• _Exercise description_
Your task is to output the listing word for word, with pictures excluded.

• _Material provided_

——

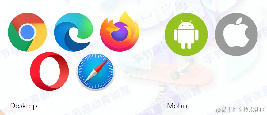 浏览器:桌面浏览器(谷歌,IE,Opera,火狐...)和移动端(安卓、苹果),
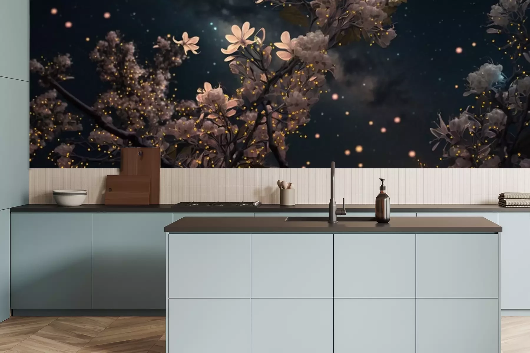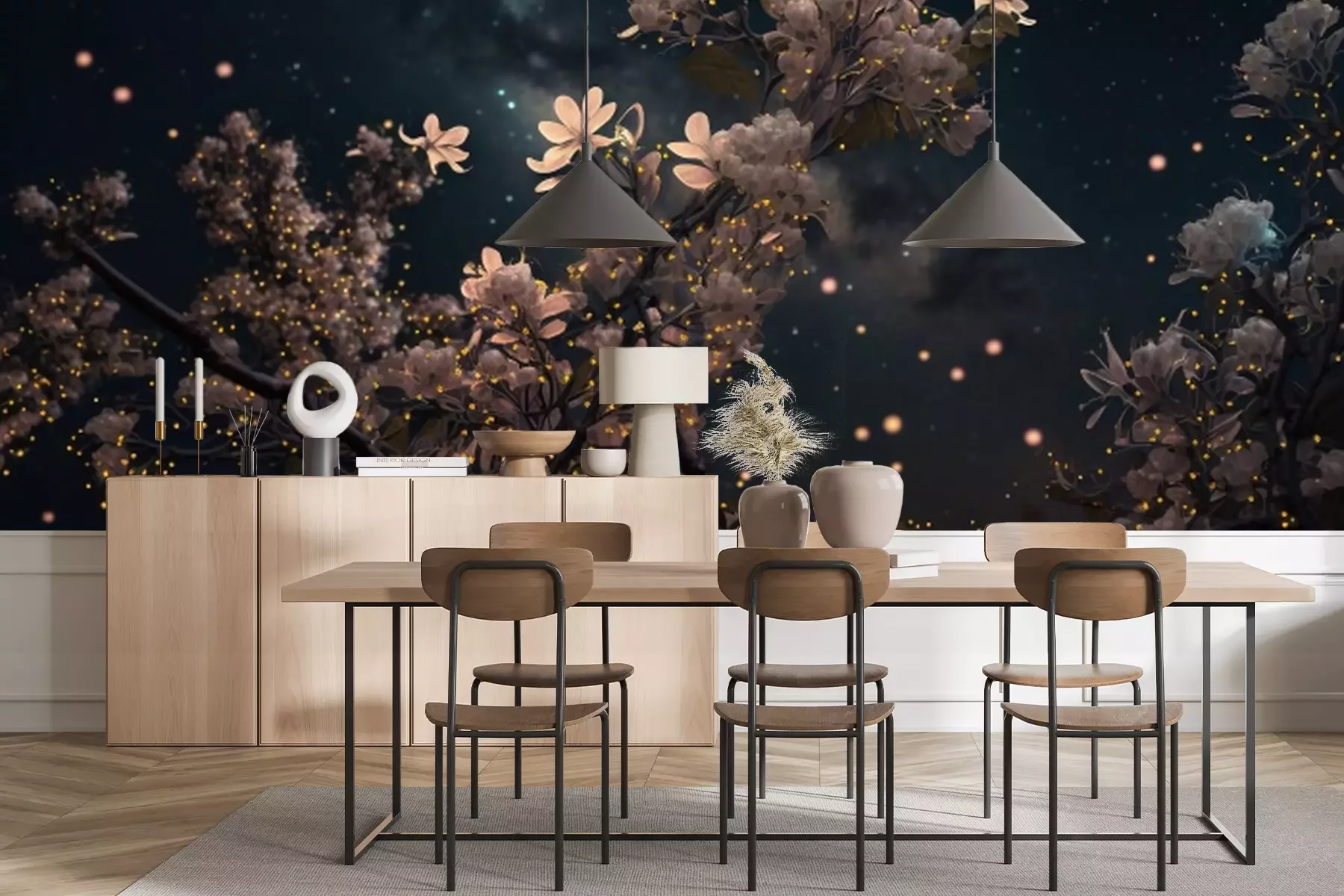 Papier peint  Un arbre en fleurs dans l'aura nocturne
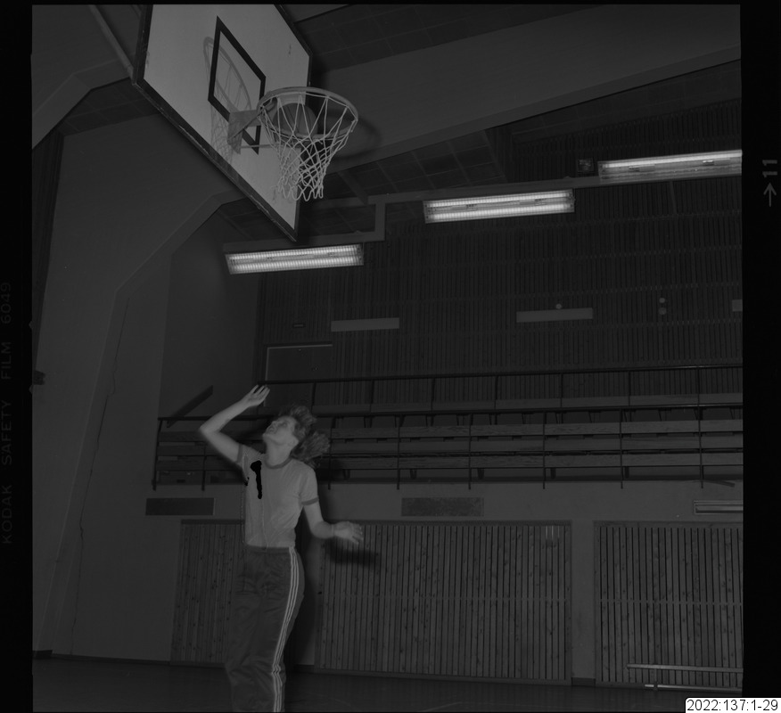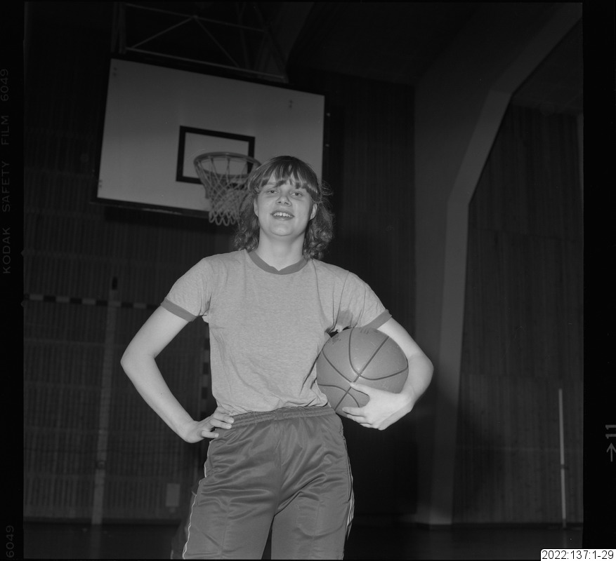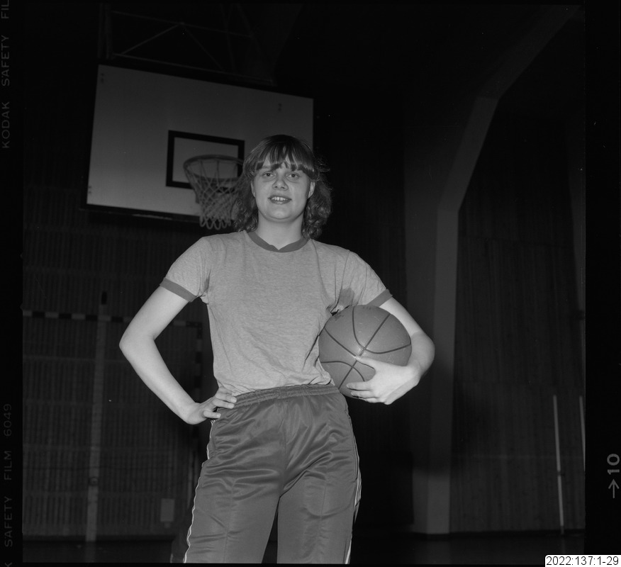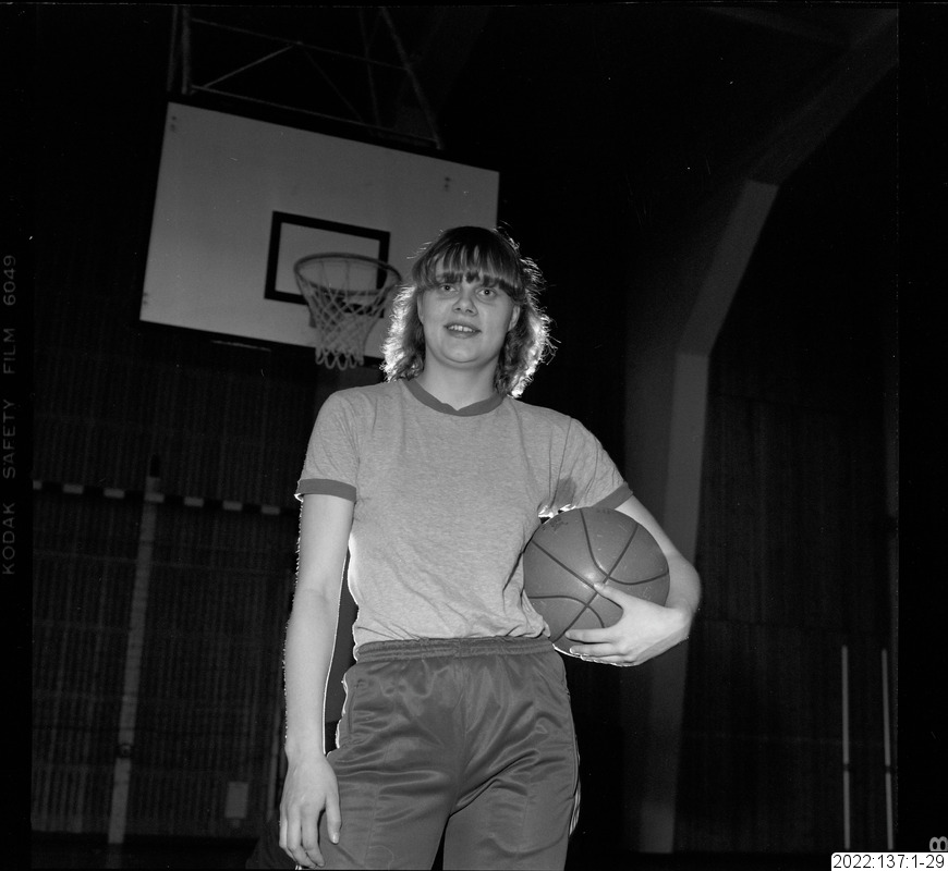 - Annelie Holmgren, Plannja basket, tränar skott på mål, mars 1981

——

• _Answer to this exercise_
 浏览器:桌面浏览器(谷歌,IE,Opera,火狐...)和移动端(安卓、苹果),
 Papier peint  Un arbre en fleurs dans l'aura nocturne
 - Annelie Holmgren, Plannja basket, tränar skott på mål, mars 1981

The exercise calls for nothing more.